Overview of the results.

The first issue, the focus on NHST, was partially solved by including new items on Bayesian analysis that were proposed during this first round. In addition, we explicitly asked the experts in the invitation email and the introduction section of the second-round survey to propose new items to make the checklist more well rounded regarding different approaches to significance testing and data analysis. To solve the second issue (applicability of items in certain contexts only), additional information on the rating of context-specific items was provided at the beginning of the second survey.

Out of the 92 items, 28 items (approximately 30%) received three or more ratings of “unclear.” S. Kerschbaumer and U. S. Tran discussed each individual case with a focus on making the item wording clearer and more concise.
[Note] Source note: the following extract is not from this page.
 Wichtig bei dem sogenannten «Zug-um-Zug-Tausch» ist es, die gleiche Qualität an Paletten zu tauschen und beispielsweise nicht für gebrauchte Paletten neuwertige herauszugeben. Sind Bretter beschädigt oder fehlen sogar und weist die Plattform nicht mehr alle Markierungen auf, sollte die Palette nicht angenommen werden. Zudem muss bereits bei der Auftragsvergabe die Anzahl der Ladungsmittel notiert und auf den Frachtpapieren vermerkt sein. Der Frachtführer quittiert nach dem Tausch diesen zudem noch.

Because of a high number of unclear ratings and/or comments by the experts expressing that the item is not suitable for the checklist, five of the yellow items were additionally excluded following their review by S. Kerschbaumer and U. S. Tran. Three already accepted items were minorly adapted based on the experts’ feedback, and 15 previously accepted items underwent substantial changes and were thus rerated in their new form in the next round. For the full results of this and all following rounds, see the OSF project webpage (https://doi.org/10.17605/OSF.IO/GWAVU).

Round 2 of the Delphi study

The second rating round was open from March 27 to April 14, 2023, during which 33 experts rated 60 items. This led to the direct acceptance of 37 items, and three items were rejected. Twenty items were categorized as yellow and thus improved based on the experts’ comments before moving on to the third round. Following the call for new items, 11 new items on Bayesian statistics were proposed, and three items relevant for users of linear mixed-effects models were proposed. In addition, one new item concerning the connection between theory and measurement was introduced.
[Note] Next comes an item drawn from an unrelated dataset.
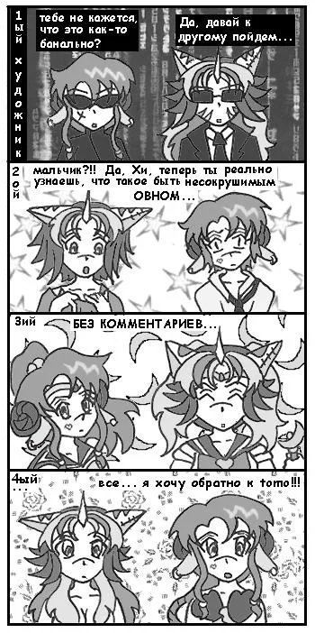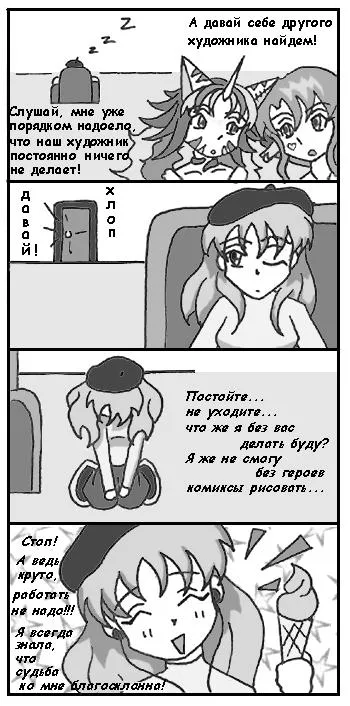 А вот для начала несколько серий первых стрипов. Собственно те, которые выходили в печатном журнале в 2003-2004 годах. Как вы понимаете, глядя на дату, ничего сверхъестественного в плане графики вы там не обнаружите. Но люди говорят, что как минимум должно быть смешно :)

The analysis of the second round’s 79 open-ended comments ultimately led to the change of the rating system in the third round because one expert mentioned difficulties in rating the items on a scale of this granularity. Apart from this, the comments included the suggestion of a more consistent wording of the items (e.g., change of “Consideration of a wide range of similar concepts in discriminant validity analysis” to “Considering a wide range of similar concepts in discriminant validity analysis” to be in line with other items such as “Pretesting/piloting of experimental manipulations”). The number of unclear items decreased notably, and only eight out of 60 items (approximately 13%) received an unclear rating. Again, because of a high number of unclear ratings and/or comments by the experts expressing that the item is not suitable for the checklist, five of the yellow items were additionally excluded following their review by S. Kerschbaumer and U. S. Tran. Out of the accepted items, 12 were slightly adapted based on the experts’ feedback without being rerated, and two items were significantly changed and thus rerated in the third round.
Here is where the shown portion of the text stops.